## INFORMATION SUPPLIED
###

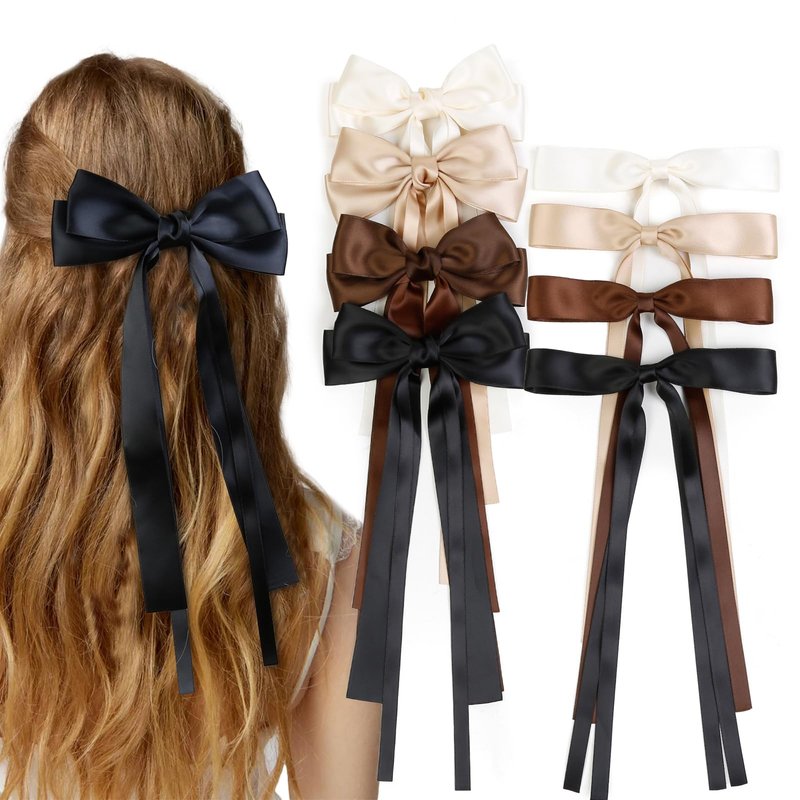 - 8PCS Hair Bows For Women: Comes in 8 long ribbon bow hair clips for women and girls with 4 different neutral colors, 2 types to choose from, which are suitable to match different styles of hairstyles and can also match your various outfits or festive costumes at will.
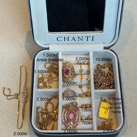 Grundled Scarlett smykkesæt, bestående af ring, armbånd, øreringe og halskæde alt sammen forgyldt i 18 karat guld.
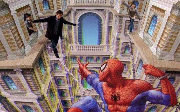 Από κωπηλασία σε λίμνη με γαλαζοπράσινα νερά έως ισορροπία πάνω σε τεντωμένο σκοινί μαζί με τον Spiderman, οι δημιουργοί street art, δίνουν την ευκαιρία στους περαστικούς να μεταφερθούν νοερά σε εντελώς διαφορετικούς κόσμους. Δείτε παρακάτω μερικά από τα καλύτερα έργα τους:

###

## WORK REQUEST
Print the material above once more, exactly, minus the pictures.

## EXERCISE RESPONSE
 - 8PCS Hair Bows For Women: Comes in 8 long ribbon bow hair clips for women and girls with 4 different neutral colors, 2 types to choose from, which are suitable to match different styles of hairstyles and can also match your various outfits or festive costumes at will.
 Grundled Scarlett smykkesæt, bestående af ring, armbånd, øreringe og halskæde alt sammen forgyldt i 18 karat guld.
 Από κωπηλασία σε λίμνη με γαλαζοπράσινα νερά έως ισορροπία πάνω σε τεντωμένο σκοινί μαζί με τον Spiderman, οι δημιουργοί street art, δίνουν την ευκαιρία στους περαστικούς να μεταφερθούν νοερά σε εντελώς διαφορετικούς κόσμους. Δείτε παρακάτω μερικά από τα καλύτερα έργα τους:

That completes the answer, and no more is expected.